Oil prices dipped on Tuesday, extending the previous session’s more than 2% slide, as traders monitored geopolitical developments, ample supply signals, and the Federal Reserve’s upcoming policy decision.
Brent crude futures slipped 7 cents, or 0.1%, to $62.42 a barrel, while U.S. West Texas Intermediate (WTI) fell 13 cents, or 0.2%, to $58.75 as of 07:17 GMT.
Monday’s decline followed Iraq’s restoration of production at Lukoil’s West Qurna-2 field, one of the world’s largest, adding to concerns over increasing supply.
Markets Track Ukraine Peace Efforts
Sentiment remained cautious as Ukraine prepared to present a revised peace plan to the U.S. after talks in London between President Volodymyr Zelenskiy and the leaders of France, Germany and the U.K.

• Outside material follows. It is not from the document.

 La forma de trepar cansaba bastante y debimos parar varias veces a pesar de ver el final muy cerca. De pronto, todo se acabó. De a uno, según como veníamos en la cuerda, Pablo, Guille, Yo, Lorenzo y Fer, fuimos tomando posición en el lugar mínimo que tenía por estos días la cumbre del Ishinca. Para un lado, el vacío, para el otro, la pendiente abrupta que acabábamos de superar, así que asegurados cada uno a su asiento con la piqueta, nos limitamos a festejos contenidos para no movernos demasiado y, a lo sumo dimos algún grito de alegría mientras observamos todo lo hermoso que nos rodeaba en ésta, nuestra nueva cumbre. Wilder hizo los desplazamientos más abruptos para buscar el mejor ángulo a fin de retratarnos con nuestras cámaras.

“Oil is keeping to a tight trading range until we get a better idea of which way the peace talks will go,” said Tim Waterer, chief market analyst at KCM Trade.
A breakdown in negotiations could push prices higher, he added, while progress toward a settlement — especially one that allows Russian supply to return more freely to global markets — could add downward pressure.

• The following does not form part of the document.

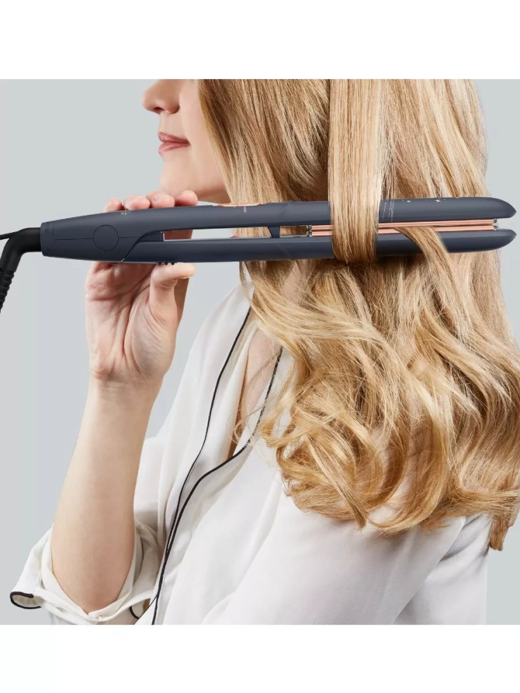 Прибор нагревается до выбранной температуры всего за 45 секунд, экономя ваше время. Плавающие пластины автоматически подстраиваются под толщину локона, делая укладку быстрее и удобнее. Керамическое турмалиновое покрытие особенно легко скользит по волосам.

Meanwhile, the Group of Seven and the European Union are reportedly discussing replacing the current price cap on Russian oil with a full maritime services ban, a move aimed at curbing Moscow’s energy revenues.

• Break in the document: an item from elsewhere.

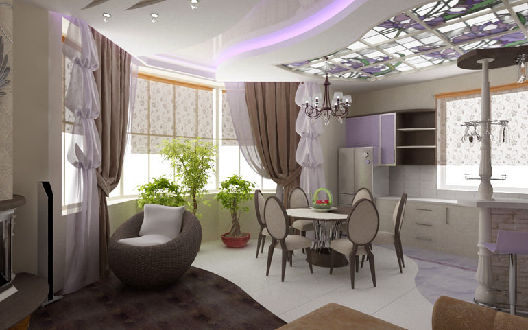 The design of the kitchen with a loggia can be absolutely diverse: ethno-style, classic, modern, Provence, baroque, hi-tech, etc. The color palette and texture - their choice depends only on the imagination and desire of the owners.

Supply Outlook Hinges on IEA Report
Analysts also pointed to the upcoming International Energy Agency (IEA) monthly report, due December 11, as a key catalyst.
“The next market driver is likely to be the IEA report, which has previously highlighted expectations for a record oil surplus in 2026,” said Kelvin Wong, senior market analyst at OANDA.
Should the IEA continue to flag surplus risks, Wong noted that WTI could drift toward support at $56.80–$57.50 per barrel.
Fed Rate Cut Expectations Add a Secondary Influence
Markets are also bracing for the Federal Reserve’s decision on Wednesday, with traders pricing in an 87% chance of a 25-basis-point rate cut.
Lower interest rates typically support oil demand by easing borrowing costs, but analysts suggested the near-term impact on crude prices may be limited given overriding geopolitical and supply factors.